I'm going to make some general observations as well as try to answer 
your original question.
> # The program is intended to output a word frequency list (including 
> all words in all files) and the total word count
> def sortfile(): # I created a function
I think analyze_corpus or something in this vein would be a better name, 
because this doesn't sort files as far as I can tell.
> filename = glob.glob('*.txt') # this works great! Thanks!
This is not really a file name but a list, so filelist would be more 
appropriate, or just files
> for allfiles in filename:
'allfiles' is not a very appropriate name. Each time through the loop, 
the variable 'allfiles' contains a different item from the 'filename' 
list. it doesn't contain all the files simultaneously. 'fileobj' or 
something of this sort would be better. 'file' is a reserved keyword, 
however.
> infile = open(allfiles, 'r')
> lines = list(infile)
It would be more clear to me what you're doing if you used the file 
object method 'readlines'
lines = infile.readlines()
This might also be more efficient, or it might be less efficient, or it 
might be doing the same thing.
readlines is what I usually see here, though.
> infile.close()
> words = [] # initializes list of words
> wordcounter = 0
> for line in lines:
here your iterator name is more appropriate, because it's singular 
(which it should be, because it's a single object it's bound to - 
exceptions would be when iterating over lists of lists, for example)
> line = line.lower() # after this, I have some clunky code to get rid 
> of punctuation
> words = words + line.split()
You should probably use the 'append' method of the list, 
words.append(line.split())
As far as removing punctuation, you can just build your whole words list 
in one line, like so:
words = [''.join([x for x in word if x.isalpha()]) for word in line.split()]
replace isalpha with isalnum if you want to match numbers too.
Note that this makes blank words as a side-effect.
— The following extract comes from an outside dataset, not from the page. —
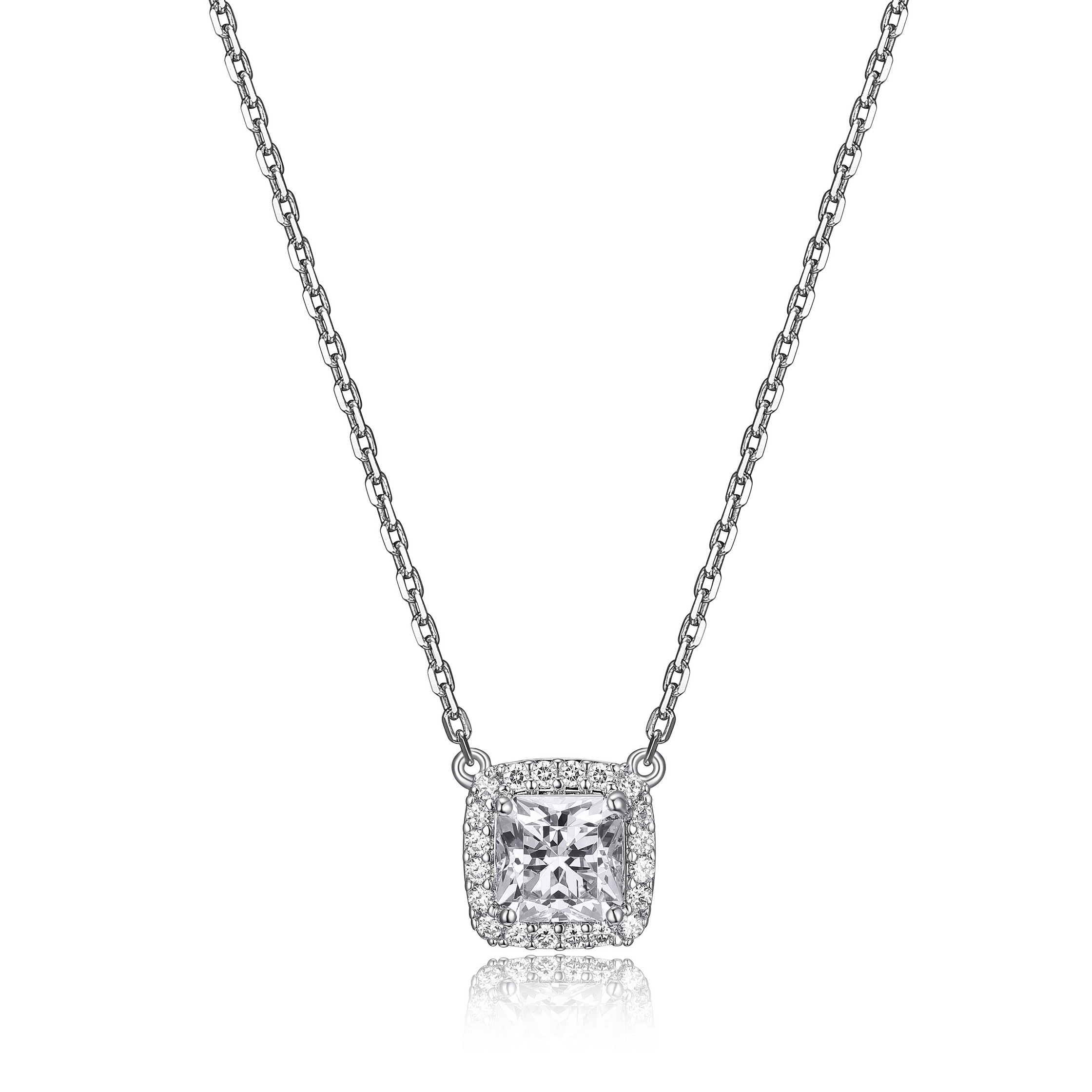 Collier '' Éclat Carré'', avec C.Z. REIGN- La Forge d'or - Argent rhodié est en rupture de stock et sera envoyé dès qu'il sera disponible

It's too late in the 
night for me to come up with a fix for this,
but you probably shouldn't use that list comprehension anyway, 
especially if you have no idea what it's doing.
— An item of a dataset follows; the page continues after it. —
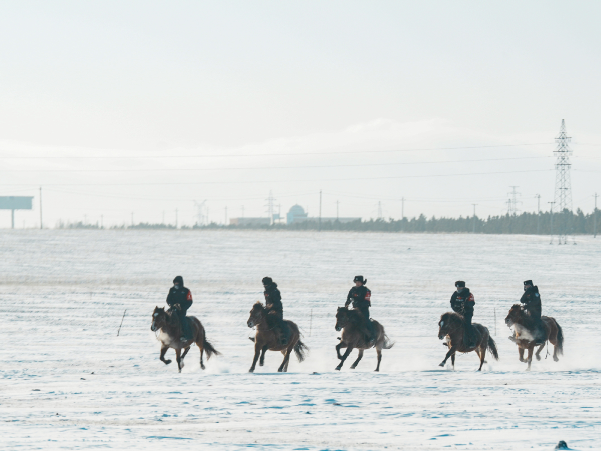 Policemen of the "Gyrfalcon" mounted police team conduct training activities on snow-covered Chenbarhu Banner Grassland in Hulun Buir, North China's Inner Mongolia autonomous region, Dec 2, 2025. [Photo/Xinhua]

> wordfreq = [words.count(wrd)for wrd in words] # counts the freq of 
> each word in a list
put a space between 'words.count(wrd)' and 'for' so it's clearer what's 
happening.
I'm assuming words.count is defined somewhere else that you didn't include?
I don't know if list comprehension is the best way to do this, because 
words could contain redundant entries.
> dictionary = dict(zip(words, wordfreq))
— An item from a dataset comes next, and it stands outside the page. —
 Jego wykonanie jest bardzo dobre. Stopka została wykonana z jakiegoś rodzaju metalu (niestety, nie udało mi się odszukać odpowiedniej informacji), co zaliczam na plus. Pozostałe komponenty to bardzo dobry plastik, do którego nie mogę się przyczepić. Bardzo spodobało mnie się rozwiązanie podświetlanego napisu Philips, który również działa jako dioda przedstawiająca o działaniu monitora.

> frequency_list = [(dictionary[key], key)for key in dictionary]
Why do you need to make a dictionary here? why not just use the 
zip(words,wordfreq) directly?
> frequency_list.sort()
> frequency_list.reverse()
> for item in frequency_list:
> wordcounter = wordcounter + 1
> print item
> print "Total # of words:", wordcounter # this will give the word count 
> of the last file the program reads.
> print "Total # of words:", wordcounter # if I put it here, I get the 
> total count after each file
Don't just put it random places, think about what your loop is doing and 
how to fix the problem.
Your outer-most loop is looping over each file. within this loop you 
count the number of words in the file.
Logically, for a total tally of the number of words in all files, you'd 
have a variable defined before the start of the loop,
and then add the tally of each file's words to the total tally variable. 
Does this make sense? Can you figure out how to do this?

Not sure what your frequency problem is. Try to abstract what your code 
is doing to as high a level as you can, and it should be easier to 
understand.
> sortfile()


P.S. next time use a more standard font or include your code as an 
attachment. preferably the attachment.
It was hard to read, and I suspect this will reduce your number of 
replies a decent amount.
I wouldn't have even read this if someone else had replied already, 
simply because the font is hard to read.
-Luke